Nor can machines accomplish these massive, data-driven tasks including data enrichment, cleansing, and collection, without us. AI will cause disruption, but it will not cause large-scale job loss. Why? Three reasons.

First, humans still have massive advantages in our ability to pattern recognize, synthesize subjective factors (including emotions), and anticipate other human responses. Machine learning algorithms will continue to perform more rote tasks, better, and move up the “value chain” to more complex tasks. But the New York Times accurately concludes that lawyers’ jobs are safe, and a large-scale study by McKinsey estimates that less than 5 percent of jobs can be completely automated based on existing technologies within the next three to five years.

Second, machines need humans to train, test and retrain them. The limits of AI are no longer computing power, or bandwidth, or raw data. The biggest limiting factor in AI’s applicability is the availability of high-quality data that accurately reflect how specific types of people think, act and feel. At our intelligent crowdsourcing company, Spare5, we are powering a diverse set of customers’ needs for domain-specific, reliable training data through the use of machine learning algorithms powered by human insights, and so we are seeing the revolution from the engine room.

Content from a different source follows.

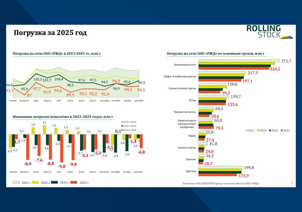 В декабре 2025 года по отношению к декабрю 2024 года наблюдалось усиление негативной динамики погрузки на сети ОАО «РЖД», что обосновано достаточно высоким уровнем грузовой базы декабря 2024 года. Так в декабре 2025 года к декабрю 2024 года погрузка сократилась на 4,8%. При этом в ноябре 2025 года к ноябрю 2024 года снижение было на уровне 1,5%, а в октябре 2025 года погрузка впервые за 24 месяца показала положительный результат увеличившись на 0,1%.
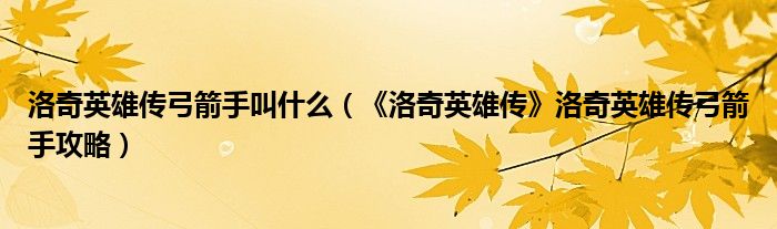 洛奇英雄传弓箭手叫什么(《洛奇英雄传》洛奇英雄传弓箭手攻略)

Third, big companies are still figuring out how to integrate new AI-powered capabilities into their existing workflows. For example, AI is going to revolutionize how we shop. In the near future, my connected devices will anticipate my purchases, by understanding not just a fraction of my history, but also by considering my existing wardrobe, style, season, weather, geography, personality, life stage, hobbies, preferences and broader fashion trends. That’s a lot, but it is not science fiction. Ironically, though, retailers are going to need to break out of their A/B testing comfort zone to radically incorporate these capabilities. Those that do, will win big. Those that do not, well…ouch.

In a Harvard Business Review interview, Erik Brynjolfsson and Andrew McAfee called upon entrepreneurs to “race with machines,” pointing out the massive opportunity we have to create new, better jobs and lives by harnessing the computing power we are creating:

This is an opportunity for entrepreneurs to think of ways of using humans in new applications, combining them with technology. We call that racing with machines as opposed to racing against them. 

Sorry, Rover

There’s been a lot of hype about machines in the media. We’ve heard the good and the bad, making it all the more important to take a step back and examine the actual relationship between humans and machines. Thus far it hasn’t been one of competition—man versus machine. It’s been one of companionship—man with machine. Separate, man’s evolution is limited, and machines are stunted. Together, humans can teach machines to learn and interact with humans, ultimately aiding them in accomplishing their greatest goals and realizing their most innovative visions. Machine, by all accounts, is our new best friend.